| Provided entries |
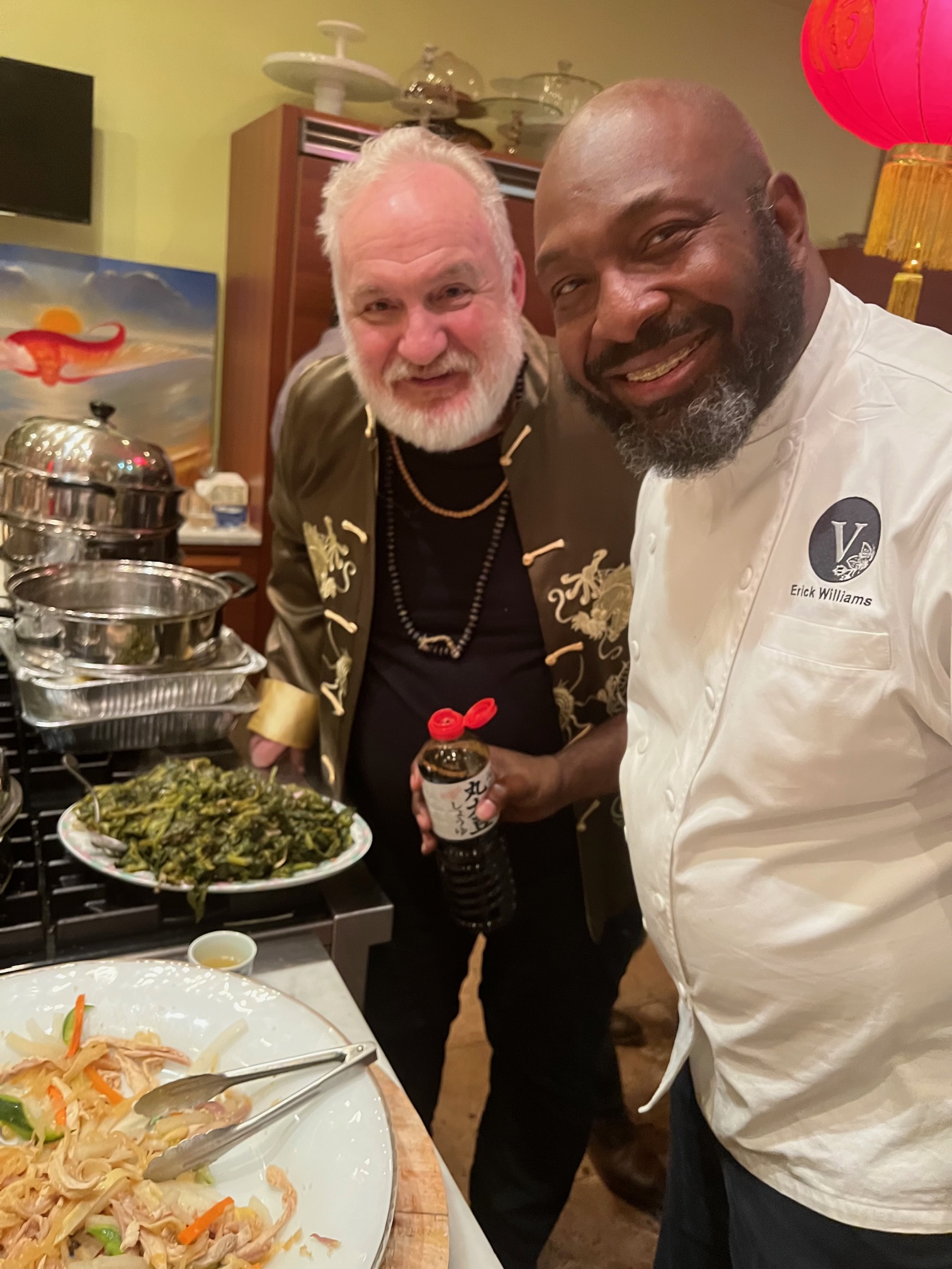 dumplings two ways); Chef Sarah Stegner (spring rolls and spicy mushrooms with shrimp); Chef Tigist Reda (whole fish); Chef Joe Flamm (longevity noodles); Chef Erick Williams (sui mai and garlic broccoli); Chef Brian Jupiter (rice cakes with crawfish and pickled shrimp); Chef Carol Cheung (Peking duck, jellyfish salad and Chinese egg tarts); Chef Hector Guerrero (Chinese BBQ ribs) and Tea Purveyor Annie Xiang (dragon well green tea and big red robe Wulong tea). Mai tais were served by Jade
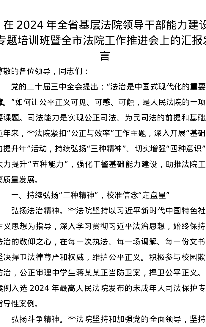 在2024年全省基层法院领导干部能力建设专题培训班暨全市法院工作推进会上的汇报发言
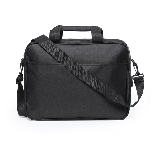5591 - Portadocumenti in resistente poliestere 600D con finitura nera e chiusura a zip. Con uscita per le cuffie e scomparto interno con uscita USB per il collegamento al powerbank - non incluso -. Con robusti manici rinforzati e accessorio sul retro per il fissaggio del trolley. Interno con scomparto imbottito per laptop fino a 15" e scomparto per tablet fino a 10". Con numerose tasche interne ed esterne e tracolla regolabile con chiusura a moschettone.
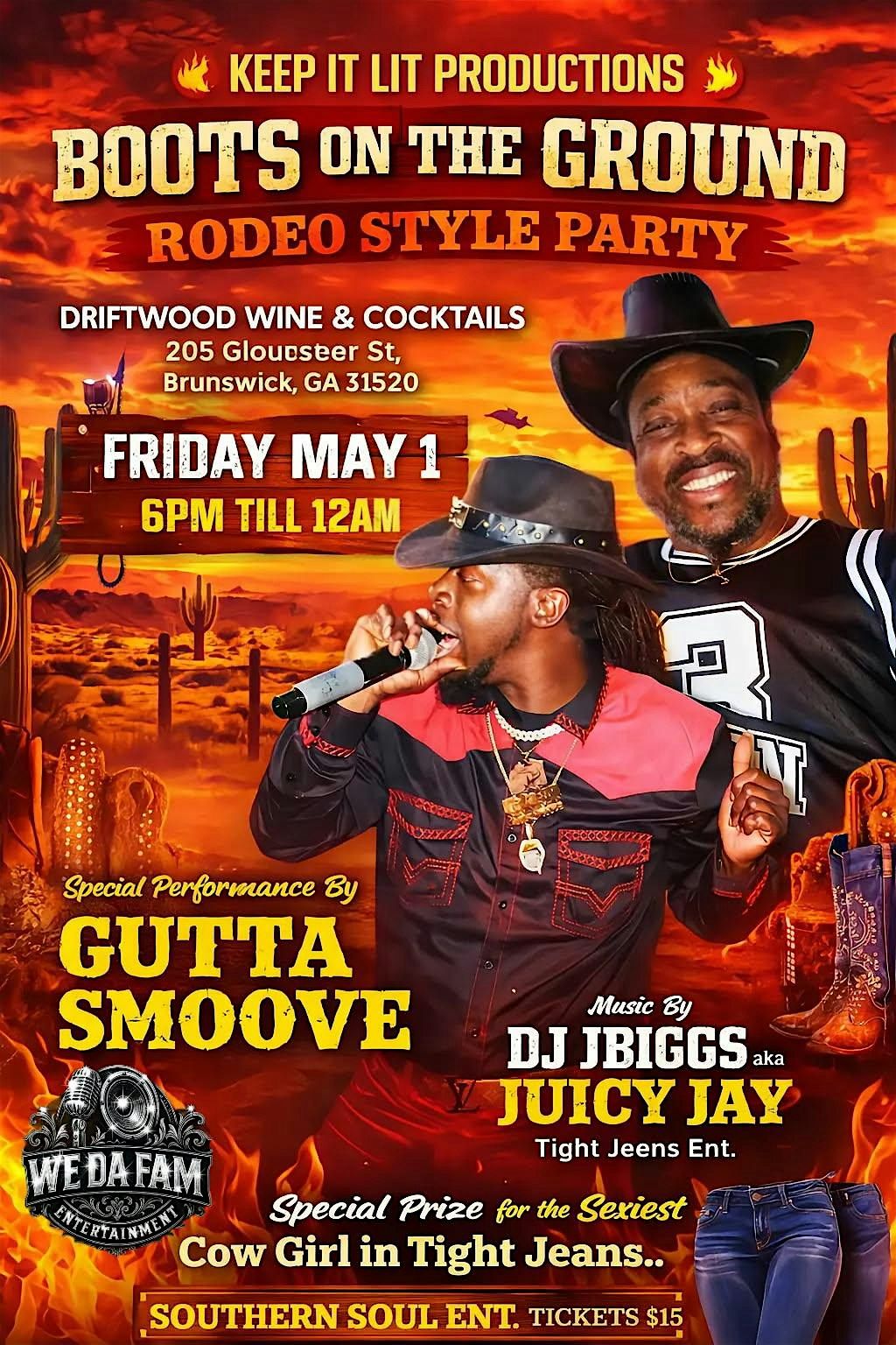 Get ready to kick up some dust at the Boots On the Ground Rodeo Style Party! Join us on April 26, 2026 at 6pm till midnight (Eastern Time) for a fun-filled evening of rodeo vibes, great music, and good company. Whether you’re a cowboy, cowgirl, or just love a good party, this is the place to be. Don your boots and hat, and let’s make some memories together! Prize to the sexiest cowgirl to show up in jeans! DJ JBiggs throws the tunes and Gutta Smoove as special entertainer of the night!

==

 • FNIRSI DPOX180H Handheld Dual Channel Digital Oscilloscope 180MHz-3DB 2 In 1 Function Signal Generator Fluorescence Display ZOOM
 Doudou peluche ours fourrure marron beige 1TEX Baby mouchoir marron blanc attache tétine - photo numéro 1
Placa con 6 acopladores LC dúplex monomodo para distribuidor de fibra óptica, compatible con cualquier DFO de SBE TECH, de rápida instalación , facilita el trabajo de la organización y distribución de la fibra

---

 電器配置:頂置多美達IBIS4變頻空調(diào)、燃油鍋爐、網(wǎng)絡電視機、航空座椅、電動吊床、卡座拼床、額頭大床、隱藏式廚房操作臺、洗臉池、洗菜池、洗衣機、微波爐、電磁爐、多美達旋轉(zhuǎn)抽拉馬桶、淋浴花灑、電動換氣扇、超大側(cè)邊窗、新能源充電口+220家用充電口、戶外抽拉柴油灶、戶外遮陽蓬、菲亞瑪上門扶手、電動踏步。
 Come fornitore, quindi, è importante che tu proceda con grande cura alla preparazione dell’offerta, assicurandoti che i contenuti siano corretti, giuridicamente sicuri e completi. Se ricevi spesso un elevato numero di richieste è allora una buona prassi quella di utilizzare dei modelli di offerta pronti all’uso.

| About this task |
Begin with the line above that has "Fluorescence Display ZOOM" and continue through the line that has "Placa con 6", setting each one down exactly. Stop there.

| Solved problem |
 • FNIRSI DPOX180H Handheld Dual Channel Digital Oscilloscope 180MHz-3DB 2 In 1 Function Signal Generator Fluorescence Display ZOOM
 Doudou peluche ours fourrure marron beige 1TEX Baby mouchoir marron blanc attache tétine - photo numéro 1
Placa con 6 acopladores LC dúplex monomodo para distribuidor de fibra óptica, compatible con cualquier DFO de SBE TECH, de rápida instalación , facilita el trabajo de la organización y distribución de la fibra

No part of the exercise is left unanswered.